• WHAT YOU NEED TO DO: Your answer must restate the listing below word for word and contain no images.

• DATASET EXCERPT:
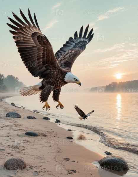 Орел учит своего орла летать на рассвете
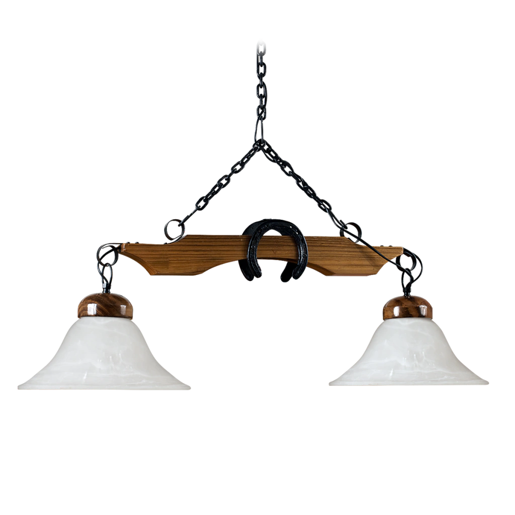 Ilumina y decora tus espacios con la sofisticada Lámpara Colgante de 2 Luces Praga Herradura. Con una estructura en madera Petiribi y tulipas de vidrio en forma de herradura, esta lámpara combina materiales de alta calidad y un diseño moderno, ideal para cualquier ambiente de tu hogar.
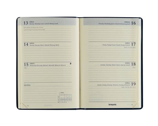 Brepols agenda Delta Seta 6-talig boekgebonden met 1 week op 2 pagina's op chamois papier met scheurhoekjes in een soepele kunstlederen omslag op formaat 8,1 x 12 cm.

• SOLVED PROBLEM:
 Орел учит своего орла летать на рассвете
 Ilumina y decora tus espacios con la sofisticada Lámpara Colgante de 2 Luces Praga Herradura. Con una estructura en madera Petiribi y tulipas de vidrio en forma de herradura, esta lámpara combina materiales de alta calidad y un diseño moderno, ideal para cualquier ambiente de tu hogar.
 Brepols agenda Delta Seta 6-talig boekgebonden met 1 week op 2 pagina's op chamois papier met scheurhoekjes in een soepele kunstlederen omslag op formaat 8,1 x 12 cm.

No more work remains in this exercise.